Not all sections receive the same inputs. Executive summaries prioritize high-level signals. Risk and blocker sections tolerate uncertainty but require grounding. Macrotrends intentionally ignore use-case context and rely only on PDF-backed evidence. Scoping inputs this way reduces token waste and prevents cross-section leakage.

The result is a system that behaves predictably as inputs grow. When something is missing, it is usually because it was filtered, deduplicated, or out of scope — not because the model guessed wrong.

Across all stages, the goal is the same: reduce the model’s need to guess. By bounding inputs and enforcing structure, the pipeline stays stable, explainable, and suitable for decision-facing content.

 

7. Putting It Together: From Structure to Production Systems

The main lesson from this system is simple: reliable LLM output comes from structure, not clever prompts.

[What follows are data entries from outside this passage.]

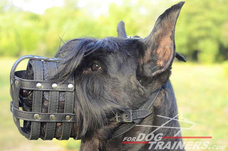 Padded Leather Basket Muzzle for Riesenschnauzer
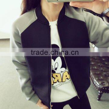 2015 New Arrival Fashion High Quality Double Color Stitching Women Baseball Jacket
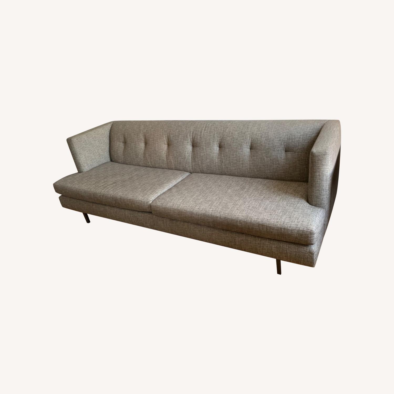 Seller's Notes:CB2 Avec Sofa Couch. Gray fabric upholstery, dark gray metal legs. Comes from pet-free, smoke-free home. Width: 87 inches, Depth: 34.5 inches, Height: 29.5 inches Seat depth: 22 inches Good used condition. Very comfortable to lounge on, big enough to have a guest sleep on. Not saggy, on the firmer side. No noticeable stains on fabric. Some minor pulling in the fabric, mostly on the sides (see last pictures for detail). Parisian lines. Inspired by a French flea market find, this sofa's long slim lines, cutback retro arms, low tufted back and generous seat cushions rest on modern brass stiletto legs for an unexpected design twist. • Poly fabric: Grey • Frame is benchmade with certified sustainable hardwood that's kiln-dried to prevent warping • Seat cushion is soy-based polyfoam and fiber • Sinuous wire spring suspension • Removable metal legs with brass powdercoat finish • Benchmade in North Carolina • Vacuum regularly • Made in USA of domestic and imported materials
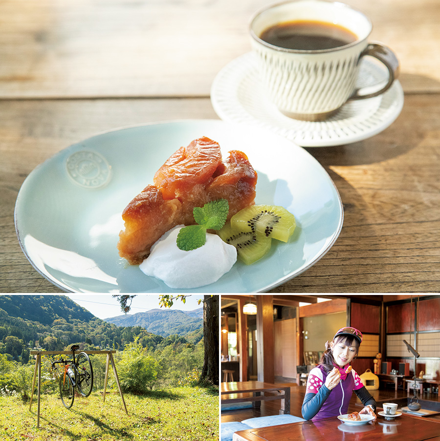 里山の中におだやかにたたずむ。上/こだわりのコーヒーを旬の素材を使った手作りケーキとともに 下左/サイクルラックも美しい景観の一部になる 下右/古民家を改装した店内には自然光が差し込み、居心地のよい空間が広がる ※冬期休業あり
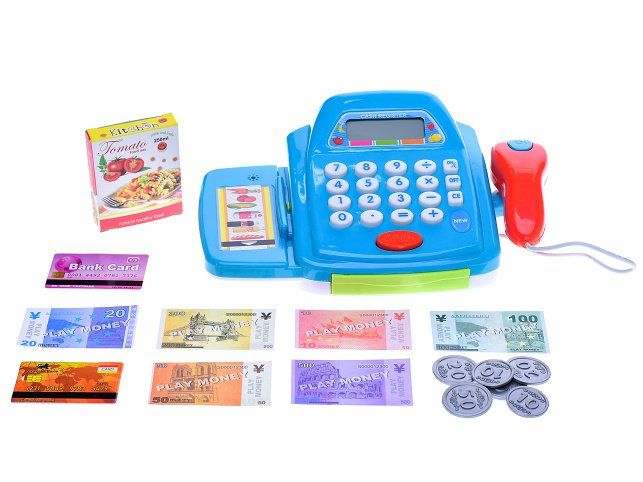 Registrační pokladna 22x14cm se scanerem a penězi na baterie se světlem a zvukem 2barvy
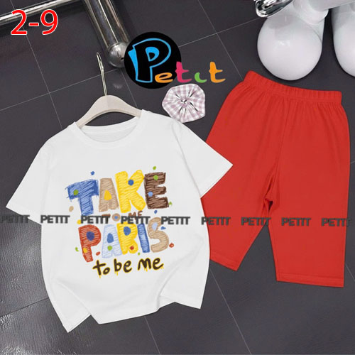 A489100 - Bộ bé gái thun cotton 4c áo tay ngắn mix cùng quần ôm ngố in Kitty Cún_Size 2-9
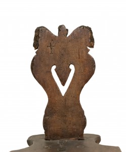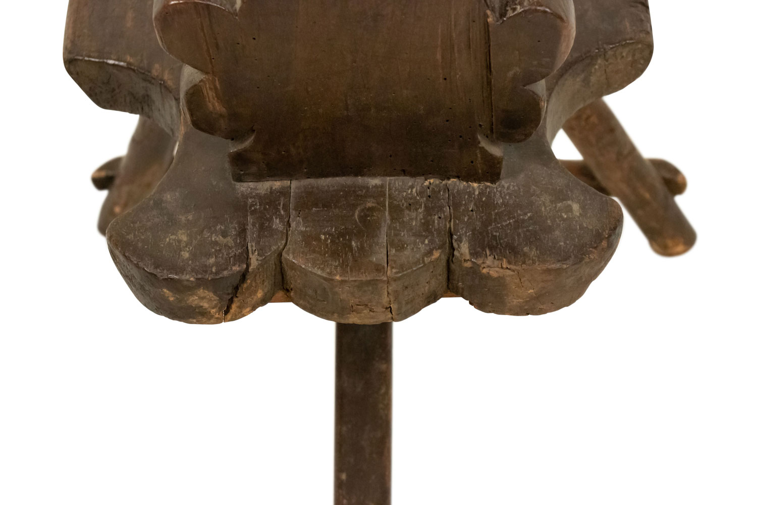 4 Similar Italian Renaissance style (17th Cent) walnut (sgabelli with narrow shaped back having a "V" cut (2-4 legged; 2-3 legged) (PRICED EACH)(one with incised cross).

Across the pipeline, the model is never asked to do everything at once. Evidence is separated from context. Extraction is separated from synthesis. Synthesis is separated from enforcement. Each step narrows the model’s responsibility and reduces the need to guess.

The newsletter example is just one instance of this pattern. The same architecture applies to any decision-facing content generated from multiple sources: executive updates, operational reviews, risk summaries, or internal status reports. Wherever correctness, provenance, and repeatability matter, structure becomes the foundation.

What makes this work is not the choice of model or the exact wording of prompts. It is the combination of:

  • explicit stages (Map → Reduce → Align)
  • bounded inputs and outputs
  • structural citation enforcement
    clear separation between evidence and current context

This shifts the role of the LLM. Instead of acting as a free-form writer, it becomes a controlled reasoning component inside a larger system.

Toward Evaluation and Production Readiness

Structure alone is not enough. Once a system behaves correctly, the next challenge is ensuring it continues to behave correctly as models, prompts, and data evolve.

In the next part of this series, we will focus on:

  • Evaluating alignment behavior using LLM-as-a-judge
  • Tracking regression and drift with MLflow-based evaluation
  • Packaging the pipeline using Databricks Asset Bundles (DAB)
  • Deploying the newsletter as a Databricks App
  • Operating the system at scale with controlled deployment workflows

Moving from prototype to production requires treating generative pipelines as software systems: versioned, evaluated, deployable, and observable.

Better prompts help.

But durable AI systems require architecture, evaluation, and disciplined production practices.